Да, конечно, я - провинциальная девчонка, конечно, в жизни моей не
случалось ничего такого захватывающе интересного, о чем стоило бы
рассказать, конечно, я лишена блеска и шарма, свойственных столичным
женщинам. Но жизнь в провинции, хоть и не придает женщине элегантности
или опыта, учит ее, как надо вслушиваться в голос сердца - как внимать
ему и повиноваться.
И к моему удивлению, голос сердца шепнул мне, что мой спутник -
искренен.
Я перевела дух. Разумеется, ни на какую лекцию я не пойду, но отрадно
уже и то, что мой друг вроде бы возвращается ко мне, зовет меня в свои
приключения, делит со мной и страхи, и радость побед.
- Спасибо за приглашение, - ответила я. - Но у меня нет денег на
гостиницу, и потом я должна быть на занятиях.
- Деньги у меня есть. Переночуешь у меня. Попросим номер с двумя
кроватями.
Я заметила, что он весь в испарине, несмотря на холодный день. Сердце
мое стало подавать сигналы тревоги, а распознать причины ее мне было не
под силу. Радость, несколько минут назад захлестнувшая меня, сменилась
полной растерянностью.
Он вдруг резко остановил машину и поглядел мне прямо в глаза.
А когда тебе глядят в глаза, нельзя солгать, нельзя ничего утаить.
И любая женщина, если чувства в ней не вконец омертвели, по глазам
мужчины поймет, что он охвачен страстью, - поймет, какой бы нелепостью
ни казалось это, каким бы несвоевременным и неуместным ни было
проявление ее. В тот же миг припомнились мне слова, произнесенные
рыжеволосой девушкой.
Это было невозможно. Но это было так.
Никогда, никогда в жизни не подумала бы я, что он - спустя столько
лет - еще помнит. Мы были детьми, мы вместе росли, мы, взявшись за руки,
постигали мир. Я любила его - если, конечно, ребенку дано понять, что
такое любовь. Но все это было так давно, осталось в какой-то другой,
прежней жизни, когда сердце в невинности своей открывалось всему самому
лучшему, что есть на свете.
А теперь мы повзрослели и научились отвечать за свои поступки. А то,
что было в детстве, в детстве и осталось.
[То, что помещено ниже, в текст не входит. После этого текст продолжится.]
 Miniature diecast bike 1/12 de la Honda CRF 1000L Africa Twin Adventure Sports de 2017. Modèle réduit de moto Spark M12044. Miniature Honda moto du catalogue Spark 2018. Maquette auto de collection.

Я снова взглянула ему в глаза. Я не хотела или не могла поверить.
- Мне осталось прочесть только одну лекцию, а потом начнутся
праздники в честь Пречистой Девы Непорочно Зачавшей. Мне надо съездить в
горы, - продолжал он. - Мне надо кое-что показать тебе.
Этот блестящий человек, говоривший о волшебных мгновениях, стоял
передо мной - и все делал не так, как надо: был и неуместно напорист, и
вместе с тем недостаточно уверен в себе, и слишком торопил события, и
делал какие-то путаные предложения. Мне было тяжко видеть его таким.
Я открыла дверцу, вышла, оперлась о капот. Долго смотрела на почти
пустынный проспект. Закурила, попыталась не думать. Я могла бы
притвориться, сделать вид, что ничего не понимаю, - попытаться убедить
самое себя, будто речь идет о вещах невинных, будто и вправду друг
детства предложил такое своей подружке. Может быть, он слишком много
странствовал по свету и стал воспринимать действительность иначе.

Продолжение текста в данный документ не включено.